WORK INSTRUCTION :: The lines below, from the one containing "Наша бригада завершила" through the one containing "Ikea single bed", should be set down exactly, with no pictures and nothing else.

DATA UNDER STUDY ::
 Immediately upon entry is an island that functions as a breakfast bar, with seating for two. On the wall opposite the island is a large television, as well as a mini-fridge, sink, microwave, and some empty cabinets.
...
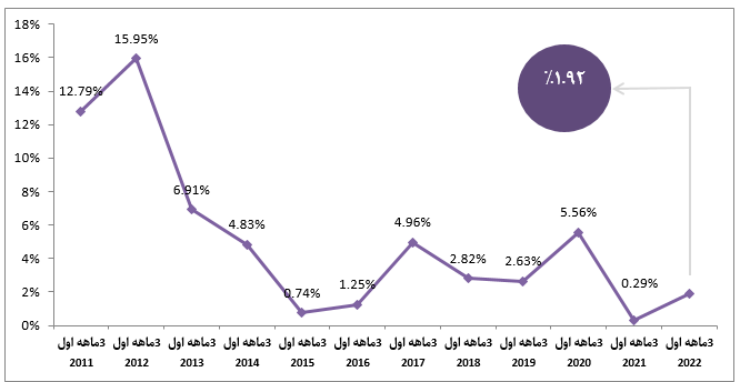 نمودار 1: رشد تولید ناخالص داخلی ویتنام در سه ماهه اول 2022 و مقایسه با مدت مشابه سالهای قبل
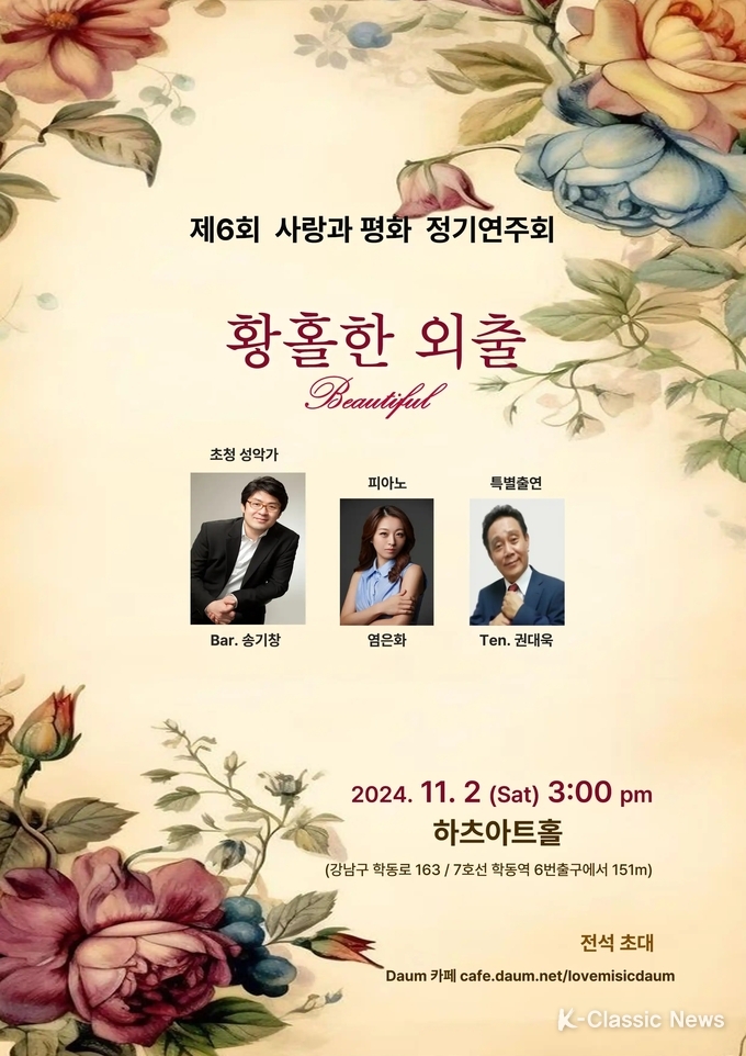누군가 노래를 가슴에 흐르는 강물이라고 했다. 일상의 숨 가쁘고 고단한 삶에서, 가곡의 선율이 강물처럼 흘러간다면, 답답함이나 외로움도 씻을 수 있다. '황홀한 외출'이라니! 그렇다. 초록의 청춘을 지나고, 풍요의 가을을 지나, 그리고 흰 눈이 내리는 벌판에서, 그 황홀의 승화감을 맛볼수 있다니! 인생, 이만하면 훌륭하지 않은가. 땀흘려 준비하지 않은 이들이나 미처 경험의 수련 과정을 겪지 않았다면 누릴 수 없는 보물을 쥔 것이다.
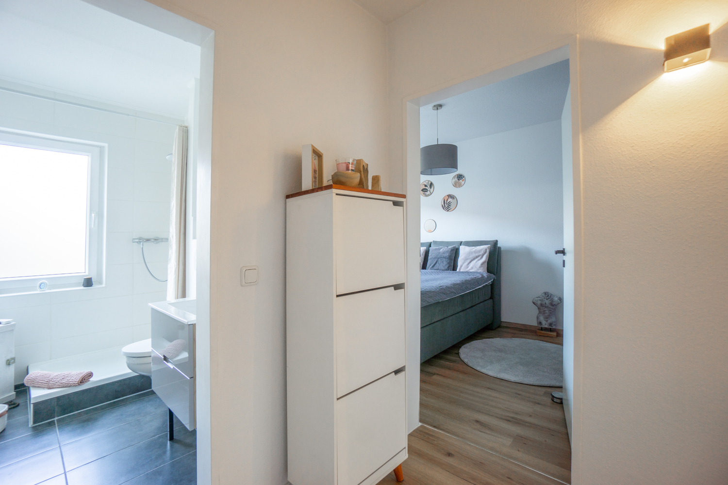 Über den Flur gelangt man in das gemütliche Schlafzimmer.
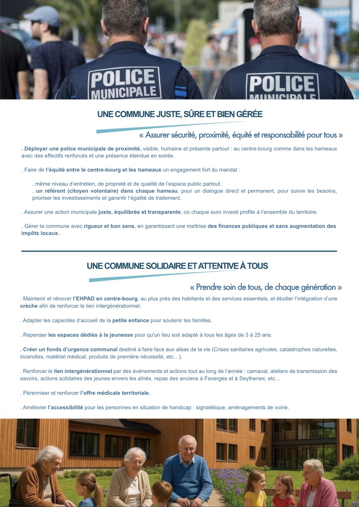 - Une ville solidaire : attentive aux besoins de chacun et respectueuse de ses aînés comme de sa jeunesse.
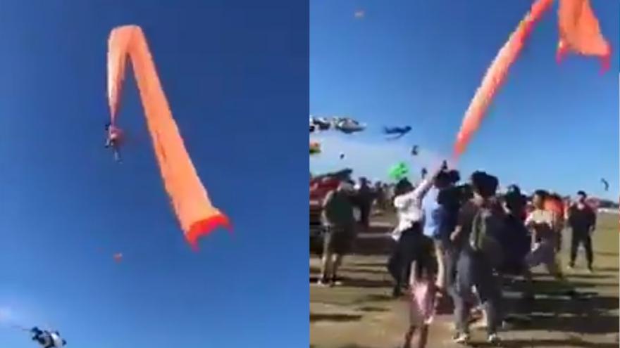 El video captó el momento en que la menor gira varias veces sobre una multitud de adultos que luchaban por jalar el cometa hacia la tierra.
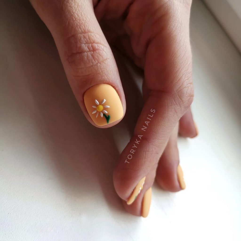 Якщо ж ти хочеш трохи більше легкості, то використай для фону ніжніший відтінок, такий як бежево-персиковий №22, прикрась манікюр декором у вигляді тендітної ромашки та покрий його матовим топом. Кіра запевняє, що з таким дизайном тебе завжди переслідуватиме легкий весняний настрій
--
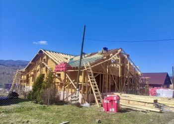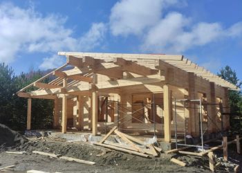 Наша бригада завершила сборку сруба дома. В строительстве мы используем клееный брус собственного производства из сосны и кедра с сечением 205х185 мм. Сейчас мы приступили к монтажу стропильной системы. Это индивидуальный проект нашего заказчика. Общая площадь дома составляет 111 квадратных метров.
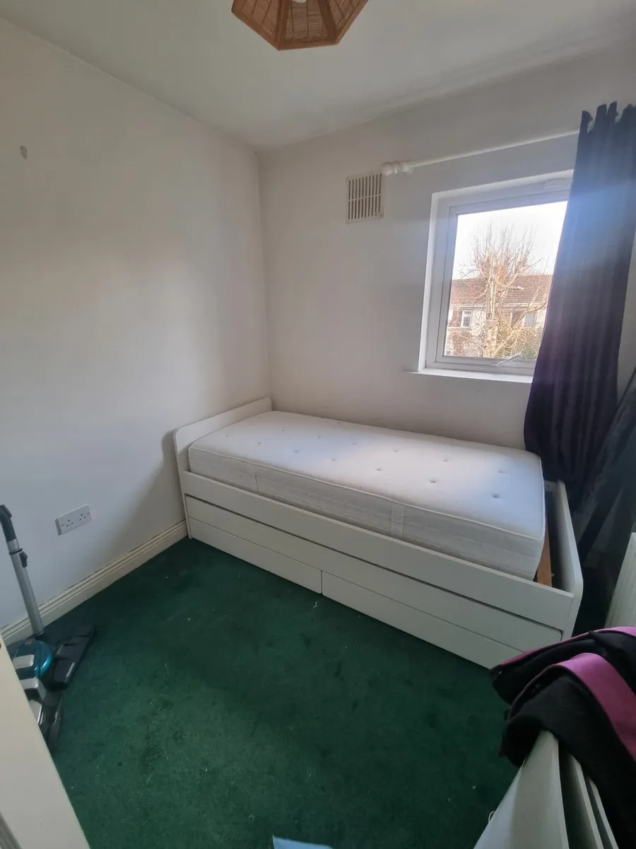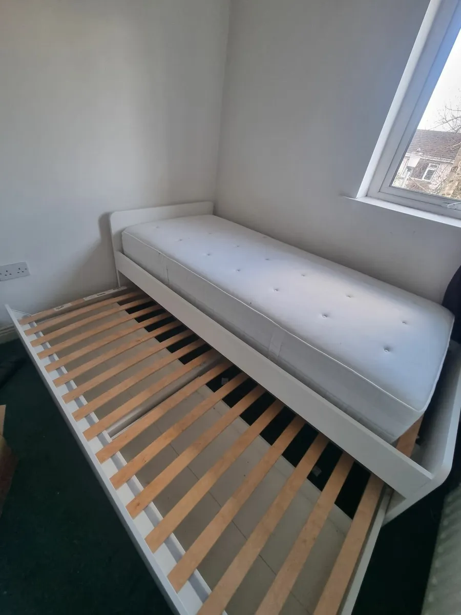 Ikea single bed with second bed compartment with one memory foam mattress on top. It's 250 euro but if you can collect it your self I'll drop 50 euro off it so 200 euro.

ANSWER BOX ::
 Наша бригада завершила сборку сруба дома. В строительстве мы используем клееный брус собственного производства из сосны и кедра с сечением 205х185 мм. Сейчас мы приступили к монтажу стропильной системы. Это индивидуальный проект нашего заказчика. Общая площадь дома составляет 111 квадратных метров.
 Ikea single bed with second bed compartment with one memory foam mattress on top. It's 250 euro but if you can collect it your self I'll drop 50 euro off it so 200 euro.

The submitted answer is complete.